Jumat, 27 Juni 2025

Ketua DKM : Tingkatkan Kreatifitas Lewat Website

Administrator - Kamis, 25 Agustus 2016 06:14 WIB
Ketua DKM : Tingkatkan Kreatifitas Lewat Website

MEDAN | SUMUT24

Baca Juga:

Kini website bagi para pecinta sastra telah diluncurkan. Untuk itu, Ketua Dewan Kesenian Medan (DKM), Rianto Ahgly SH, berharap dengan diluncurkannya website “sastramedan.com” ini semoga para pecinta sastra di Medan bisa dapat menambah kreatifitasnya sekaligus bisa mengekspresikan karyanya lewat web ini. Hal ini dikatakannya saat membuka acara Launching Website “satramedan.com” & Bedah Buku “Senjakala Kritik Sastra, yang digelar di Taman Budaya Sumatera Utara (TBSU), Selasa (24/8). Acara ini juga dihadiri para seniman medan dan puluhan mahasiswa yang ada di Medan.

“Kita menyambut baik apa yang telah dilakukan para seniman sastra tersebut, dengan begini tentunya akan mengangkat dan menambah nilai seni masyarakat Sumut, khusunya Medan. Tak hanya itu, peluncuran website dan bedah buku tersebut juga dapat menambah wawasan bagi para seniman kita apalagi dilakangan pemuda,” katanya.

Dalam acara bedah buku tersebut menghadirkan YS Rat dan Tiflatul Husna sebagai narasumber. YS Rat menyebut bahwa kritikus sastra harus lancang yang berani mengungkap -untuk tujuan ke depan menjadi lebih baik- ketidakmengertian sastrawan terhadap teks di dalam karyanya. Sedangkan Tiflatul menilai bahwa penulis buku Senjakala Kritik Satra berhasil memberikan kritik yang bernas sehingga dapat merawat budaya dalam karya.

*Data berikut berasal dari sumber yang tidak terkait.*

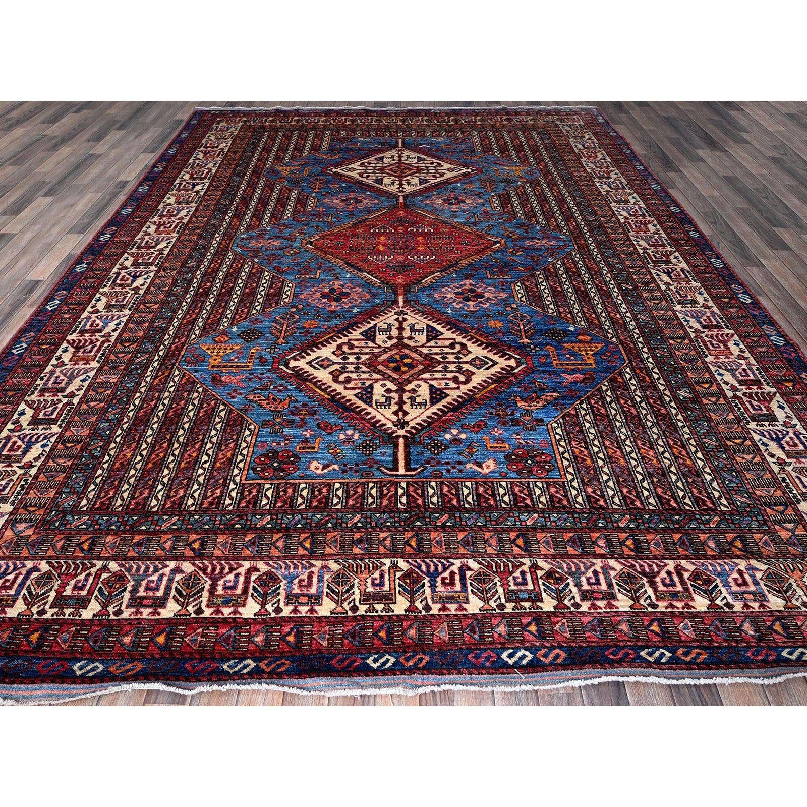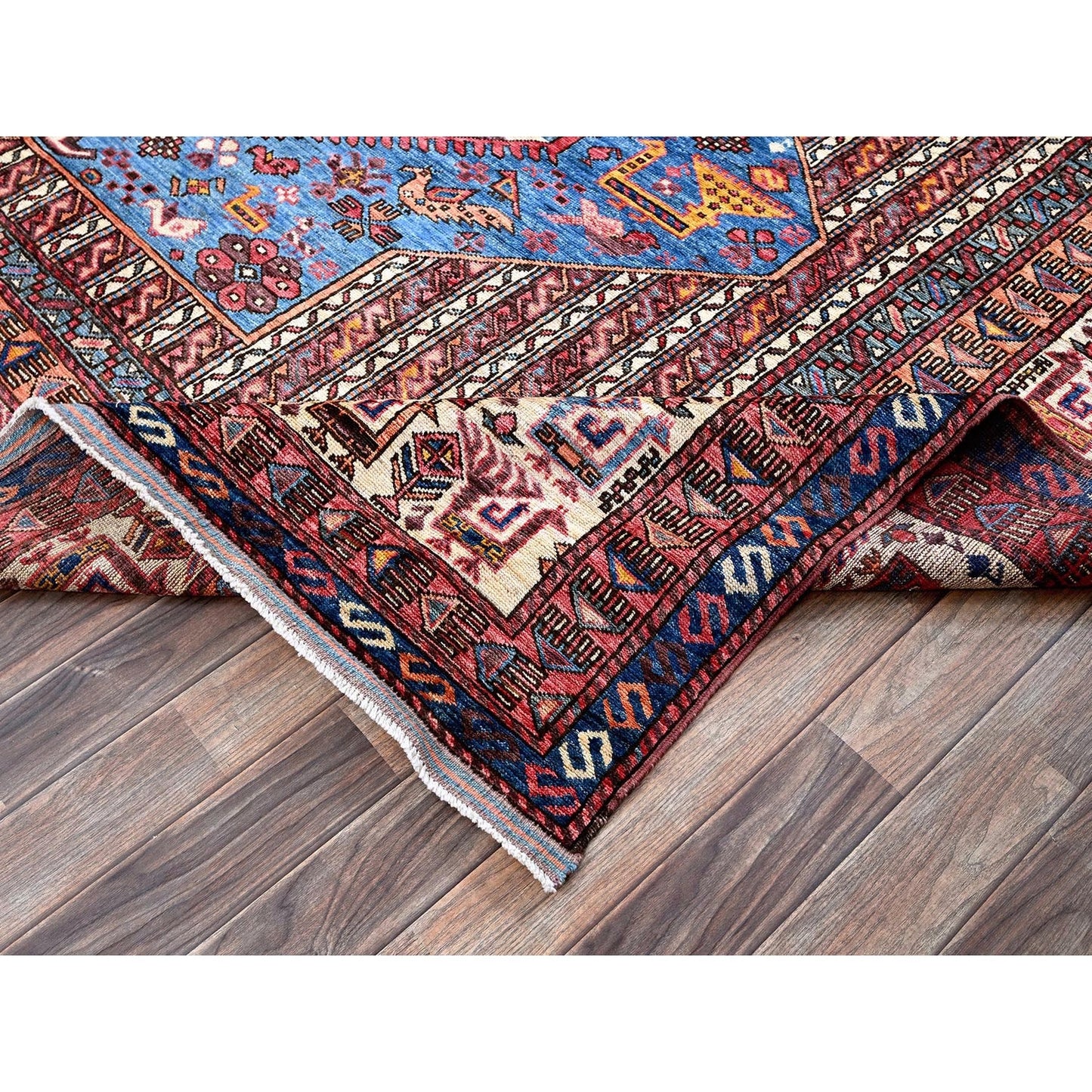 9'5"X12'1" Blue Antique Caucasian Design Revival Hand Knotted Pure Wool Rug

Sementara itu, Yulhasni selaku pengarang buku sastra tersebut mengatakan buku ini merangkum esai-esai yang lahir dari paradigma sentralistik dalam menakar pencapaian estetika kepengarangan, kritik sastra juga politik sastra yang lahir dari berbagai fakta.

Sebuah bentuk pendokumentasian polemik sastra dalam waktu yang cukup lama sehingga tercipta kumpulan-kumpulan esai yang berbau kearifan lokal. Kumpulan esai ini telah terbit di harian Analisa dan Waspada.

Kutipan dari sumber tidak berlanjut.